If you use MS²PIP through MS²Rescore, please cite:
Declercq, A., Bouwmeester, R., Chiva, C., Sabidó, E., Hirschler, A., Carapito, C., Martens, L., Degroeve, S., Gabriels, R. Updated MS²PIP web server supports cutting-edge proteomics applications. Nucleic Acids Research (2023) doi:10.1093/nar/gkad335
- class ms2rescore.feature_generators.ms2pip.MS2PIPFeatureGenerator(*args, model='HCD', ms2_tolerance=0.02, spectrum_path=None, spectrum_id_pattern='(.*)', model_dir=None, processes, **kwargs)
Bases:
FeatureGeneratorBase
Generate MS²PIP-based features.
- Parameters:
model (str) – MS²PIP prediction model to use. Defaults to
HCD
.ms2_tolerance (float) – MS2 mass tolerance in Da.

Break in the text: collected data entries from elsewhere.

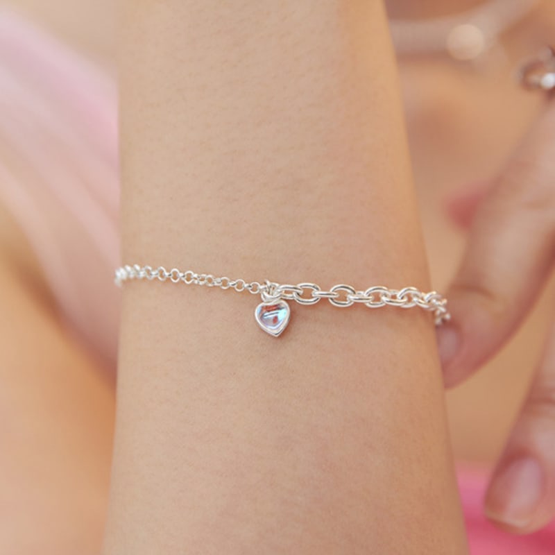 Dmoment (925 Silver) Glass Bloom Heart Silver Bracelet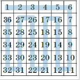 Пронумеруем столбцы и строки от 1 до $n$ соответственно слева направо и сверху вниз, а также раскрасим доску в шахматном порядке так, чтобы угловая клетка в первом столбце и первой строке была чёрной. Пусть $n$ чётно. Заполним таблицу числами от 1 до $n^2$ так: ставим их друг за другом, начиная от 1, сначала в первой строке слева направо, а потом – вдоль столбцов: вниз по последнему столбцу, вверх по предпоследнему, и т.д. (получается что-то похожее на змейку). В итоге число $n^2$ окажется прямо под 1, см. пример для $n$ = 6 на рисунке.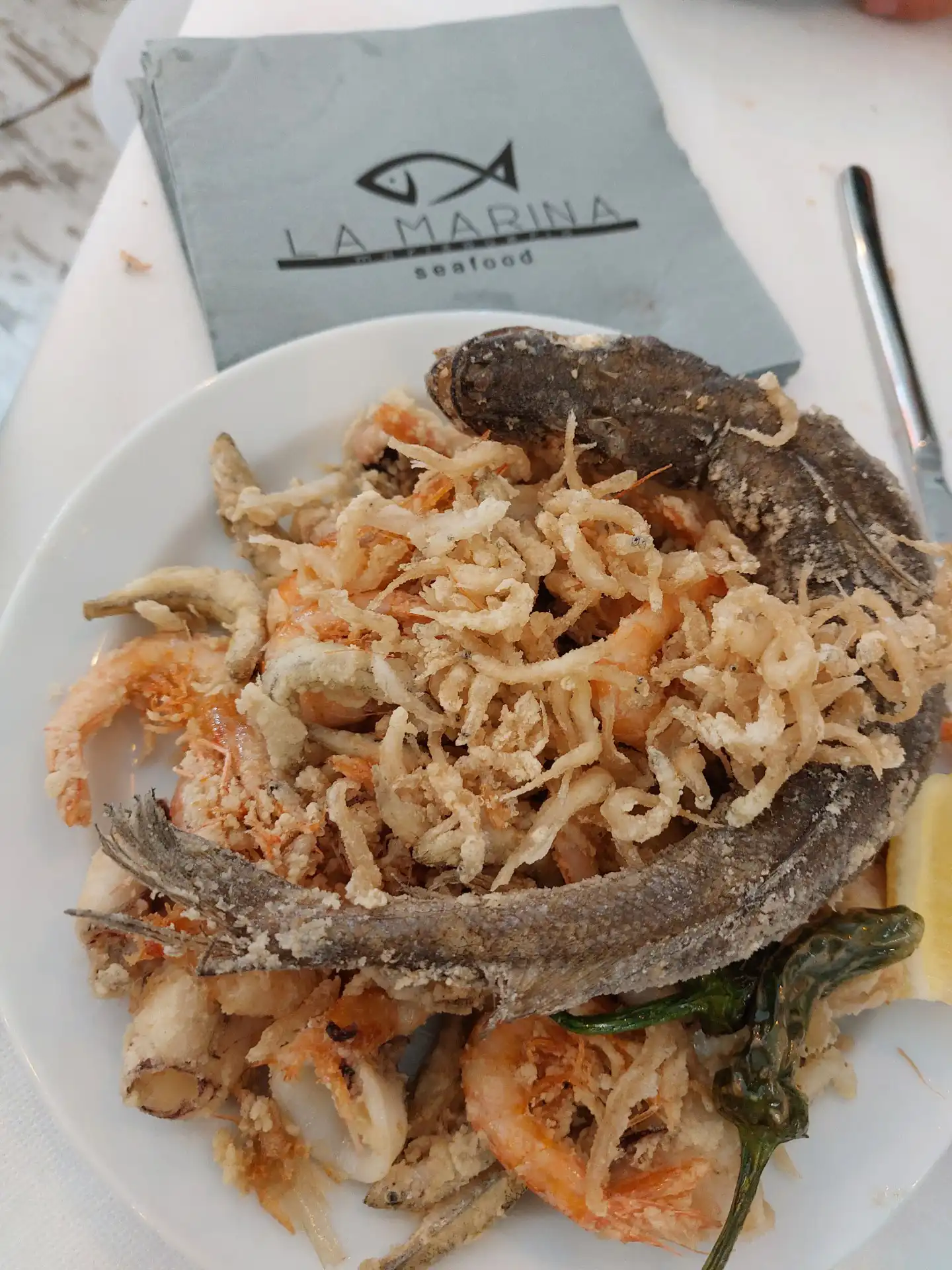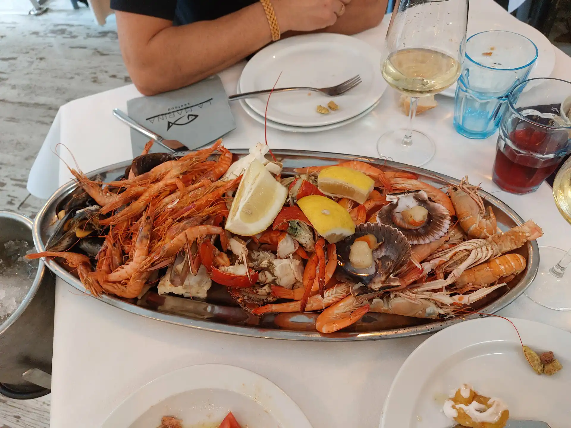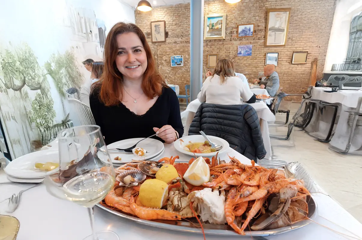 Y lo fue. Desde los primeros platos, quedó claro que aquello no iba a ser una comida cualquiera. La abundancia era tal que resultaba difícil imaginar el final. Marisco fresco, bien presentado, con ese punto justo que marca la diferencia entre lo correcto y lo excelente. Gambas, cigalas, almejas, frituras… una sucesión de platos que llegaban a la mesa sin descanso, en una cadencia que invitaba tanto a disfrutar como a rendirse ante la evidencia: era imposible terminarlo todo.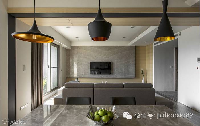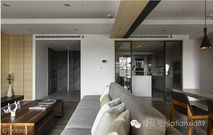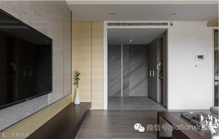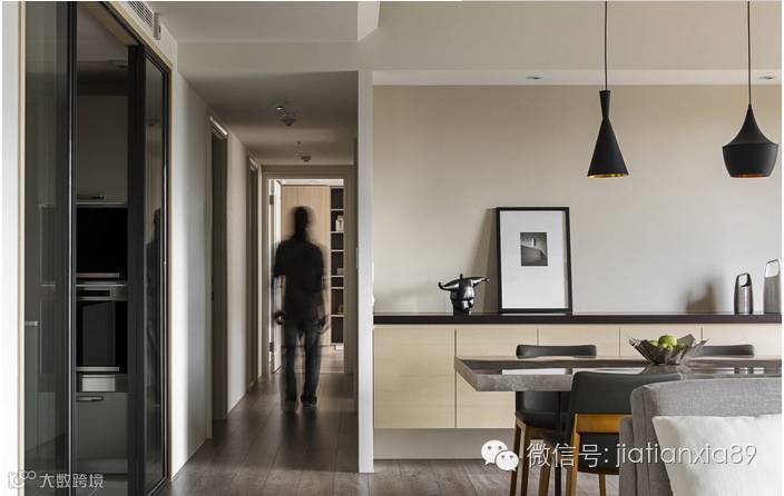 “延续着现代简约空间的清爽表情,设计师带入更为内敛沉稳的用色,由玄关的斜纹薄石板开始,乃至全室空间的地面选色,对比空间基底的白净,带入暖灰色的立面家私选色,调和出沉静的人文居宅气质。”

Defaults to
0.02
.spectrum_path (str | None) – Path to spectrum file or directory with spectrum files. If None, inferred from
run
field in PSMs. Defaults toNone
.spectrum_id_pattern (str, optional) – Regular expression pattern to extract spectrum ID from spectrum file. Defaults to
*
.model_dir (str | None) – Directory containing MS²PIP models. Defaults to
None
(use MS²PIP default).processes (int, optional) – Number of processes to use. Defaults to 1.